This is a suit to recover a balance due on an account for groceries sold the defendants and used by them in their family. It originated in a justice court where judgment was rendered for *614plaintiff and an appeal was taken to the circuit court. Motions were there filed by defendants to make the petition more definite and certain, which being sustained, the plaintiffs, by leave of court, filed an amended petition in which they asked judgment for the same balance, as upon an account stated.
The defendants thereupon filed a joint motion to strike out the amended petition as a departure, but this the court overruled. Whereupon defendants filed a joint answer and submitted the disputed questions of fact to the arbitrament of a jury. A verdict was returned for plaintiff in the full amount claimed, to-wit, $187.75, and we are asked to review the judgment rendered thereon.
The first error complained of is that the court overruled defendant’s motion to strike out the amended petition which declared on a stated account and was for that reason a departure. It is held in Hanson v. Jones, 20 Mo. App. 595, l. c. 600, that such an amendment does not introduce a new cause of action, but that it remained as before, a suit for a balance due on a merchant’s account; and this ruling was approved in Newberger v. Frieda, 23 Mo. App. 631, l. c. 637. These rulings are based on the liberality accorded amendments to pleadings in justice courts where technical formality is not required. But whether the amendment was a departure or not, defendants waived all error in that regard by filing answer and going to trial, thereby taking their chances on the issues as presented by the amended pleading. Having taken their chances they must abide by the result so far as this point is concerned. [Scovill v. Glasner, 79 Mo. 449, l. c. 454; Grymes v. Mill Co., 111 Mo. App. 358, l. c. 362.]
A number of errors are claimed the basis of which is the assumption that the evidence fails to show an account stated against both or either of said defendants. We think it amply sufficient, however, to sup*615port a finding of the jury to that effect. There was evidence fully tending to show that, during the entire time groceries were bought of plaintiff by the defendants, the various items with the amount due therefor were set down in the shape of an account in duplicate pass books, one of which plaintiff kept and the other was retained by defendants; that the final balance now sued for was struck and put down in each pass book; that defendants retained this pass book with such balance for a year and a half without objection; that both defendants said they would pay, and one defendant (the husband) offered to give his note for it; that there was a definite acknowledgement of indebtedness in a certain sum implied from the conduct of both defendants. This was sufficient to sustain a finding that there was a stated account. [Stewart v. Railroad, 157 Mo. App. 225, l. c. 238, and authorities there cited.]
It is also insisted that it was error to submit the reasonableness of the length of time the debtors kept the account without objection, since reasonableness is a question of law for the court and not for the jury. It undoubtedly is a question for the court “where there is no dispute as to the time of the rendition of the account or the time of making objection.” McKeen v. Bank, 74 Mo. App. 281, l. c. 289.] But where there is such dispute it is proper to’ submit the question to the jury in an appropriate instruction as was done in this case.
Objection is made to the form of the verdict. It read as follows:
“Oct. 28-1912.
J. C. Borkowski v. Rudolph Janicke et al.

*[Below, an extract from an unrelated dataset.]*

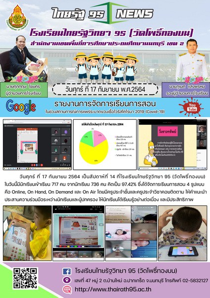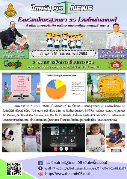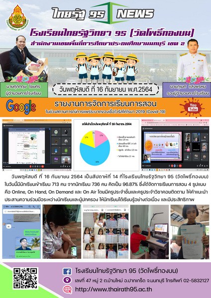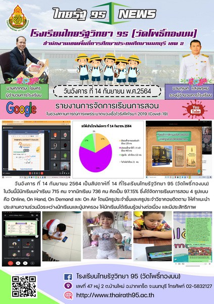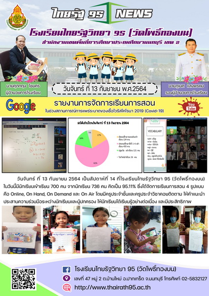 รายงานการจัดการเรียนการสอนในช่วงสถานการณ์การแพร่ระบาดของโรค Covid -19 ภาคเรียน 1 /2564 ระหว่างวันที่ 13-17 กันยายน 2564

We, the jury in the above entitled case, find for the plaintiff and against the defendant in the sum of $187.75.
W. C. Baker, Foreman.'
*616The point is that by the use of the word “defendant” instead of “defendants” the jury meant to return a verdict against one and not the other and hence the verdict is faulty and ambiguous. The defendants were sned jointly and answered and defended jointly. There was no claim of nonliability on the part of one that did not apply to both. Of coarse, if the verdict is ambiguous, then it sho.uld not stand. [Newton v. Railroad, 153 S. W. 495.] But if it shows on. its face that the omission of the letter “s” at the end of the' word “defendant” is a mere misprision, and if the entire record shows that, if any verdict is rendered for plaintiff at all, it must be against both defendants, then there is.no ambiguity. [Gurley v. O’Dwyer, 61 Mo. App. 348.] The verdict shows on its face there were two defendants. To say that the use of the word “defendant” was intentional is to convict the jury of purposely returning a verdict against one only without stating the name of the one found against or the one against whom no verdict was returned. Under such circumstances the use of the singular instead of the plural could not be said to be anything other than a mere clerical error. The identical point in question was ruled adversely to the contention of defendant in Steed v. Barnhill, 71 Ala. 157; Waddingham v. Dickson, 29 Pac. 177; Cowell v. Colorado Springs Co., 3 Colo. 82; Davis v. Shuah, 36 N. E. 122. [See also 34 Cyc. 1882.]
Instruction No. 6 is complained of as inviting the jury to find against one of the defendants only. We do not think it is open to this charge. The instruction was a form of verdict and the only ground of the charge is that a blank space was left in place of writing the names of both defendants in. Prejudicial error does not appear in this, and the verdict and judgment is so clearly for the right party, that, unless error has been shown, it ought not to be disturbed. It is, therefore, affirmed.